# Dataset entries
- - -

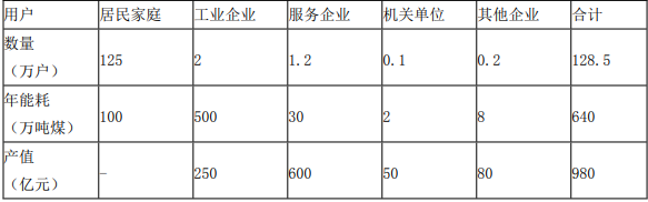 其他行业年消费系数=8万吨标准煤/0.2万户=40万吨标准煤/万户
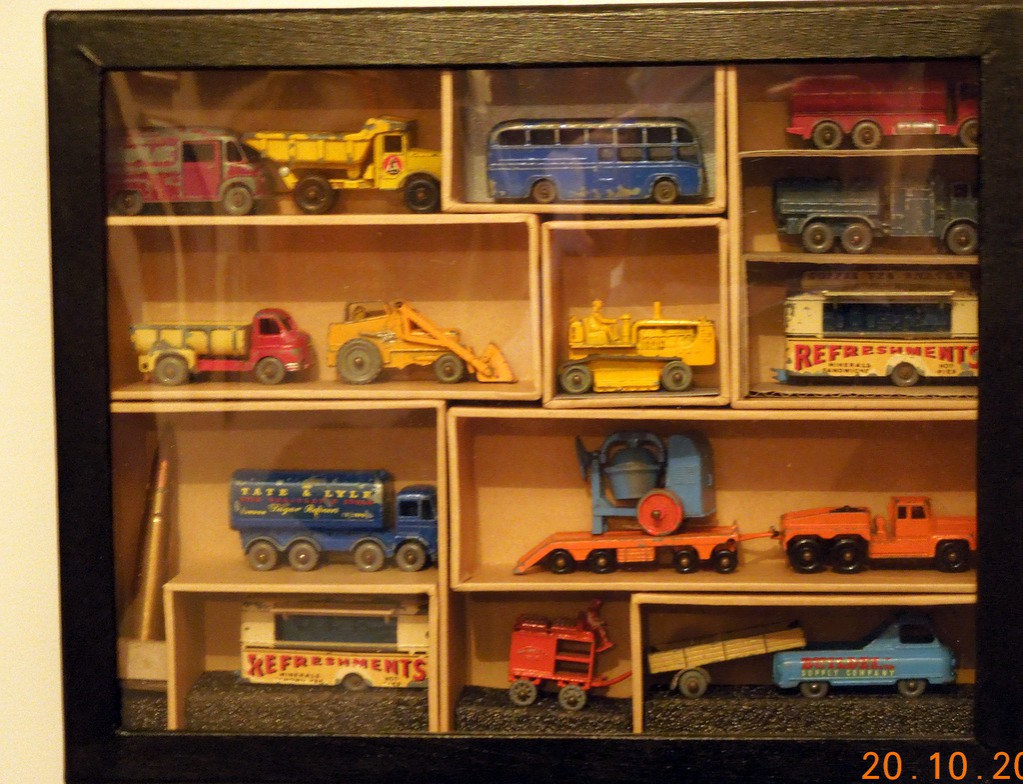 I have a glass cupboard full of John Deere, Allis Chalmers, Ferguson and Ford tractors ....from 1/16 scale down to large matchbox size...oh...and a JD header and a set of JD offsets as well...cuppla thousand bux or more at todays prices. Had nearly all of them when my boys were little....and they were allowed to play with them under strict supervision....both are nearing their forties now.
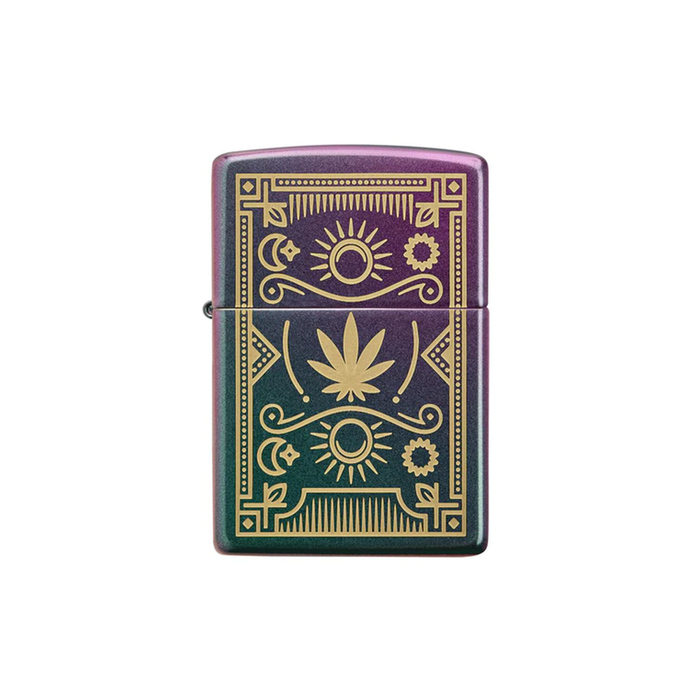 Laser engraved on an Iridescent lighter is a fresh Cannabis design. The laser engraving process carves into the lighter, exposing the brass below, which is seen in the marijuana leaf and throughout this eye-catching design. Comes packaged in a gift box. For optimal performance, fill with Zippo lighter fuel.
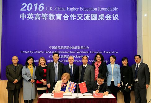 上午,2016中英高等教育合作交流圆桌会议在江苏食品药品职业技术学院举行。本次会议由中国食品药品职业教育联盟、江苏食品职业教育集团共同策划和组织,英国贝辛斯托克理工学院、英国南安普顿索伦特大学等国内外八所高校出席。我院作为中国食品药品职业教育联盟轮值主席,参加了本次会议。
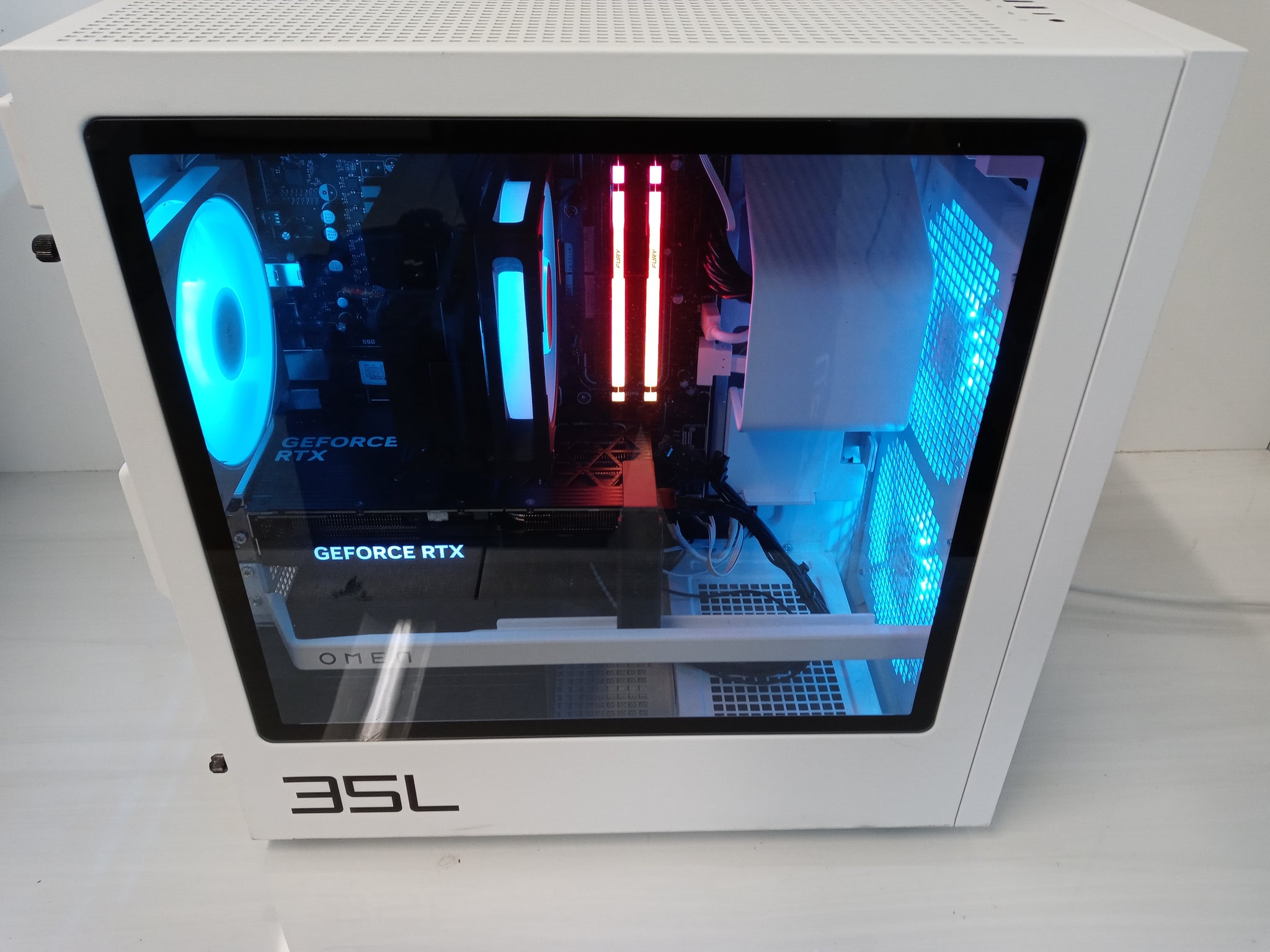 • Custom white Omen 35L case with RGB fans
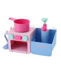 セット内容:コンロ、シンク、蛇口、なべ、おたま、吸盤×4
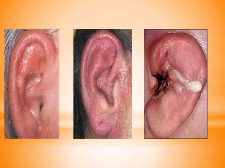 Наружный отит Существуют 2 формы наружных отитов: 1. Ограниченная 2. Диффузная 1. Ограниченный наружный отит проявляется как воспаление (абсцесс) тканей наружного уха в виде фурункулов или карбункулов, связанных с инфекционным поражением волосяных мешочков и сальных желез в перепончато-хрящевой части наружного слухового прохода, а также локальных нарывов, возникающих в результате травмирующих воздействий. Основным патогеном при абсцессе является золотистый стафилококк. 2. Диффузный отит характеризуется обширным поражением покровов наружного слухового прохода, а часто и барабанной перепонки. Как правило, возникает в результате попадания в ухо воды (особенно загрязнённой), которая разжижает ушной секрет и, вкупе с высокой влажностью, создаёт благоприятные условия для развития патогенных бактерий (в основном синегнойной палочки), в связи с чем данный синдром часто называют как «ухо пловца» .
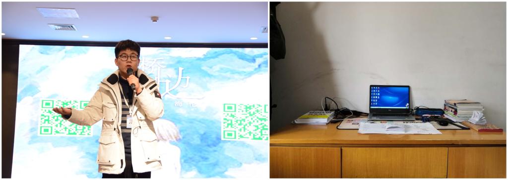 接到学校“停课不停学”的通知后,马添翼老师知道不久的将来自己又会有一个新的身份——“主播”,他不禁跃跃欲试,家中没有合适的课桌,便和母亲商量将原来放电脑的桌子改成了临时的讲台。
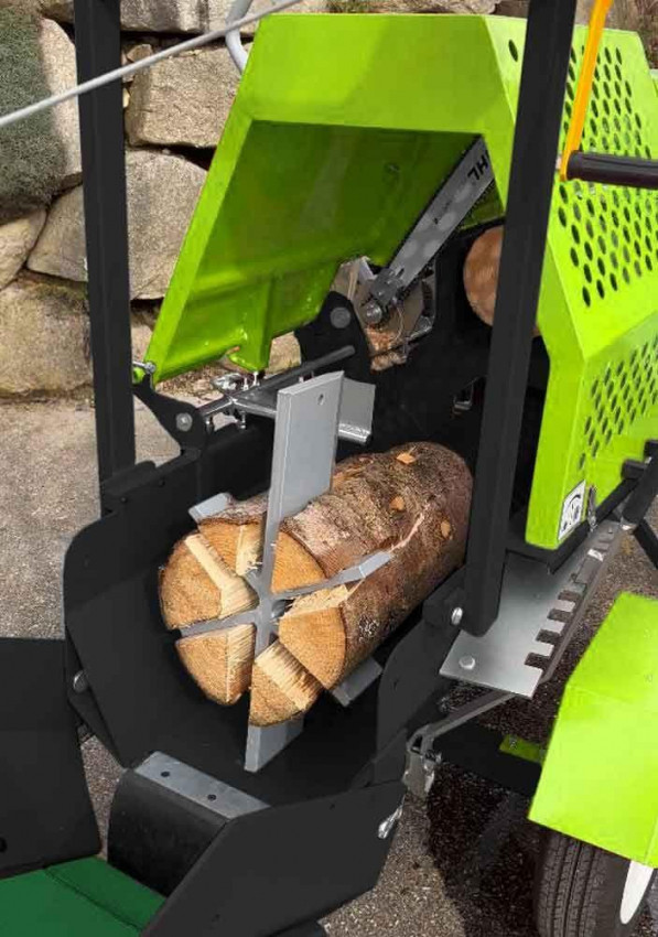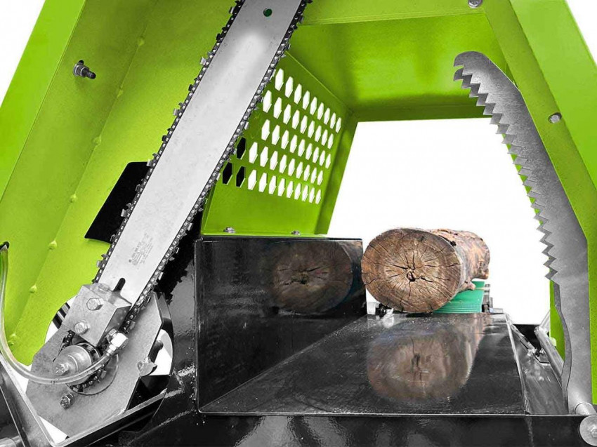 Пристрій має стрічковий конвеєр довжиною 1,1 м для подачі колод, а також вихідний конвеєр довжиною 3,2 м з кутом нахилу до 40°. Поворотний механізм конвеєра полегшує вивантаження готових дров. Для нарізання використовується полотно бензопили завдовжки 45 см (18 дюймів), яке дозволяє регулювати довжину полін від 190 до 530 мм.
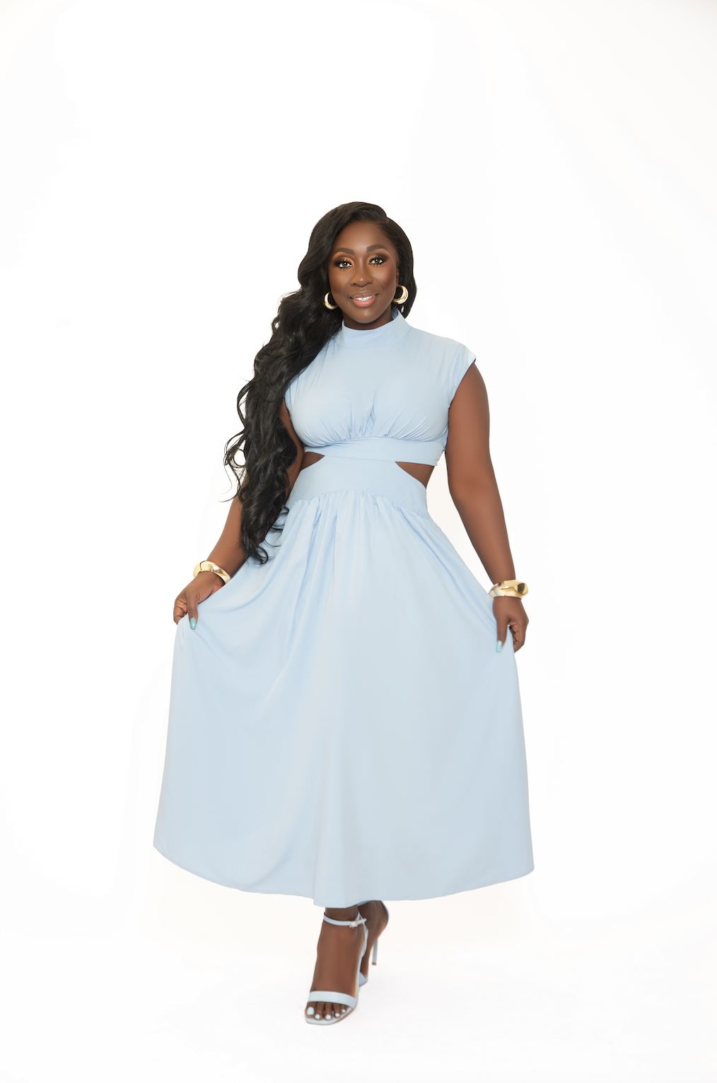 Fit for a modern princess. This sleeveless dress features a flattering cutout waistline, pleated skirt, and soft blue hue. Dreamy and graceful for brunches, showers, or garden parties.
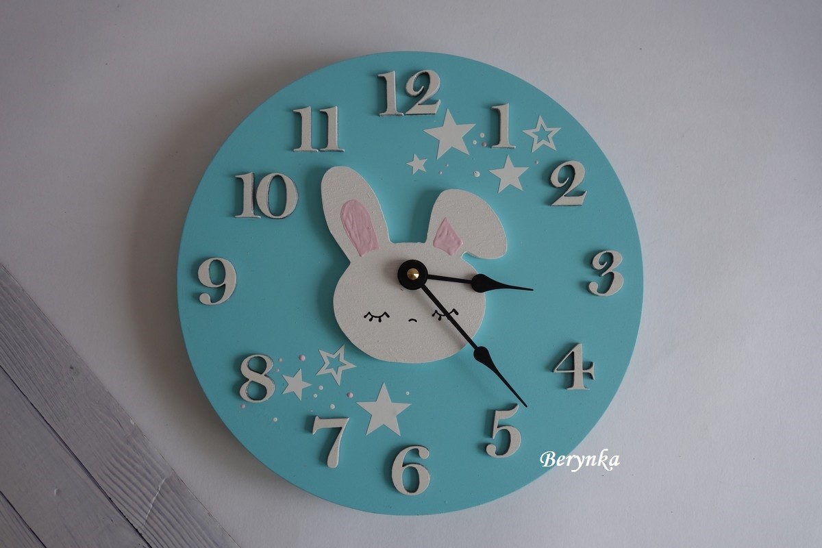 - číslice i zajíček jsou vyřezané zvlášť a na hodinách nalepené
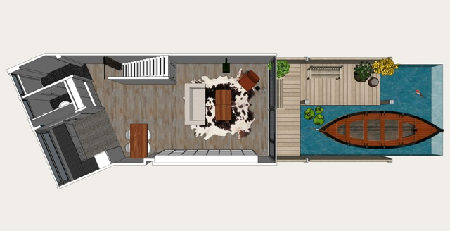 Wanneer er een definitieve overeenstemming is over de indeling van alle ruimtes tussen de klant en Buro BeRT, gaat het proces over tot het tekenen in 3D. Buro BeRT geeft de klant hiermee de mogelijkheid zich goed in te leven in hoe de ruimtes er uiteindelijk uit komen te zien. Tijdens deze stap wordt ook een moodboard gepresenteerd voor de keuze in stoffering, meubilair e.d.
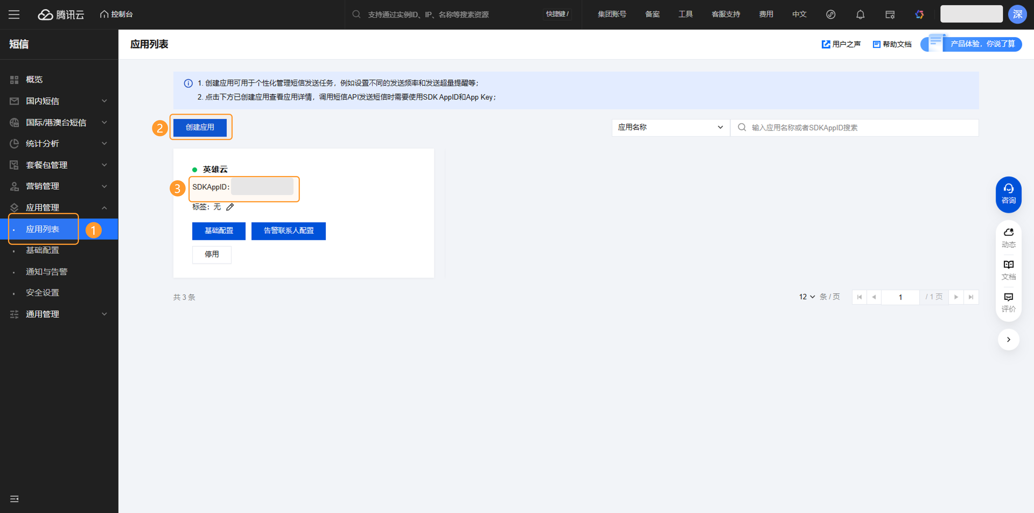 - “应用ID”指在腾讯云控制台“短信>>应用管理>>应用列表”中创建应用的【SDKAppID】,参考本文档2.3.4;

- - -

# Exercise instructions
Pictures should be omitted. Please return exactly the lines from the line that holds "セット内容:コンロ、シンク、蛇口、なべ、おたま、吸盤×4" through the end of the records.

# Solved exercise
 セット内容:コンロ、シンク、蛇口、なべ、おたま、吸盤×4
 Наружный отит Существуют 2 формы наружных отитов: 1. Ограниченная 2. Диффузная 1. Ограниченный наружный отит проявляется как воспаление (абсцесс) тканей наружного уха в виде фурункулов или карбункулов, связанных с инфекционным поражением волосяных мешочков и сальных желез в перепончато-хрящевой части наружного слухового прохода, а также локальных нарывов, возникающих в результате травмирующих воздействий. Основным патогеном при абсцессе является золотистый стафилококк. 2. Диффузный отит характеризуется обширным поражением покровов наружного слухового прохода, а часто и барабанной перепонки. Как правило, возникает в результате попадания в ухо воды (особенно загрязнённой), которая разжижает ушной секрет и, вкупе с высокой влажностью, создаёт благоприятные условия для развития патогенных бактерий (в основном синегнойной палочки), в связи с чем данный синдром часто называют как «ухо пловца» .
 接到学校“停课不停学”的通知后,马添翼老师知道不久的将来自己又会有一个新的身份——“主播”,他不禁跃跃欲试,家中没有合适的课桌,便和母亲商量将原来放电脑的桌子改成了临时的讲台。
 Пристрій має стрічковий конвеєр довжиною 1,1 м для подачі колод, а також вихідний конвеєр довжиною 3,2 м з кутом нахилу до 40°. Поворотний механізм конвеєра полегшує вивантаження готових дров. Для нарізання використовується полотно бензопили завдовжки 45 см (18 дюймів), яке дозволяє регулювати довжину полін від 190 до 530 мм.
 Fit for a modern princess. This sleeveless dress features a flattering cutout waistline, pleated skirt, and soft blue hue. Dreamy and graceful for brunches, showers, or garden parties.
 - číslice i zajíček jsou vyřezané zvlášť a na hodinách nalepené
 Wanneer er een definitieve overeenstemming is over de indeling van alle ruimtes tussen de klant en Buro BeRT, gaat het proces over tot het tekenen in 3D. Buro BeRT geeft de klant hiermee de mogelijkheid zich goed in te leven in hoe de ruimtes er uiteindelijk uit komen te zien. Tijdens deze stap wordt ook een moodboard gepresenteerd voor de keuze in stoffering, meubilair e.d.
 - “应用ID”指在腾讯云控制台“短信>>应用管理>>应用列表”中创建应用的【SDKAppID】,参考本文档2.3.4;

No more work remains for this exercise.